What is sin(x)+cos(x) in terms of sine?

Question

286220 views around the world

You can reuse this answer
Creative Commons License

Answer 1 · 2015-04-15T18:47:39

Please see two possibilities below and another in a separate answer.

Using Pythagorean Identity

$sin^2x+cos^2x=1$ , so $cos^2x = 1-sin^2x$

$cosx = +- sqrt (1-sin^2x)$

$sinx + cosx = sinx +- sqrt (1-sin^2x)$

Using complement / cofunction identity

$cosx = sin(pi/2-x)$

$sinx + cosx = sinx + sin(pi/2-x)$

Answer 2 · 2017-08-19T14:01:13

I've learned another way to do this. (Thanks Steve M.)

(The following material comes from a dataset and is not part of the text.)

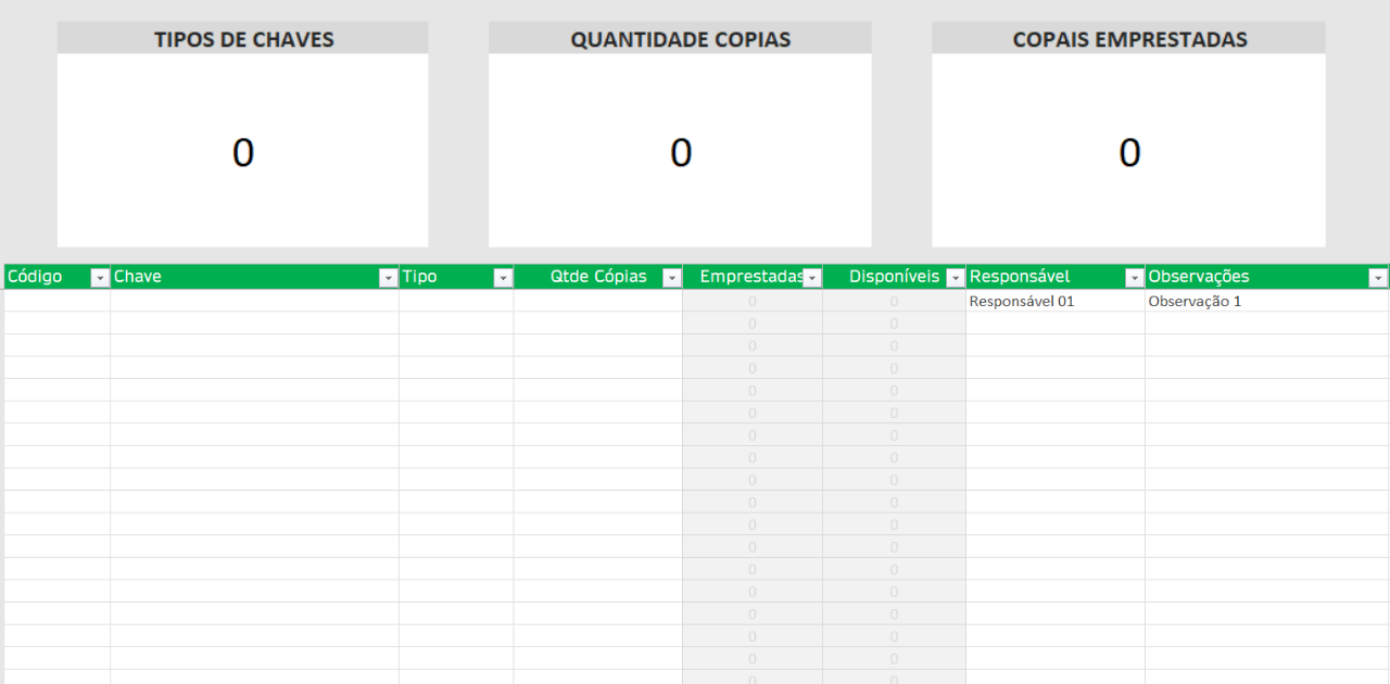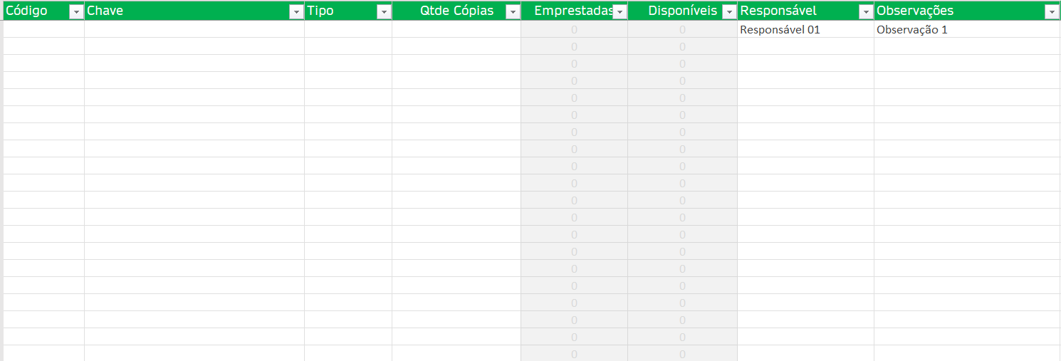Planilha para Controle de Objetos e Chaves

Suppose that $sinx+cosx=Rsin(x+alpha)$

Then

$sinx+cosx=Rsinxcosalpha+Rcosxsinalpha$

$=(Rcosalpha)sinx+(Rsinalpha)cosx$

The coefficients of $sinx$ and of $cosx$ must be equal so

$Rcosalpha = 1$
$Rsinalpha=1$

Squaring and adding, we get

$R^2cos^2alpha+R^2sin^2alpha = 2$ so $R^2(cos^2alpha+sin^2alpha) = 2$

$R = sqrt2$

And now

$cosalpha = 1/sqrt2$
$sinalpha = 1/sqrt2$

so $alpha = cos^-1(1/sqrt2) = pi/4$

$sinx+cosx = sqrt2sin(x+pi/4)$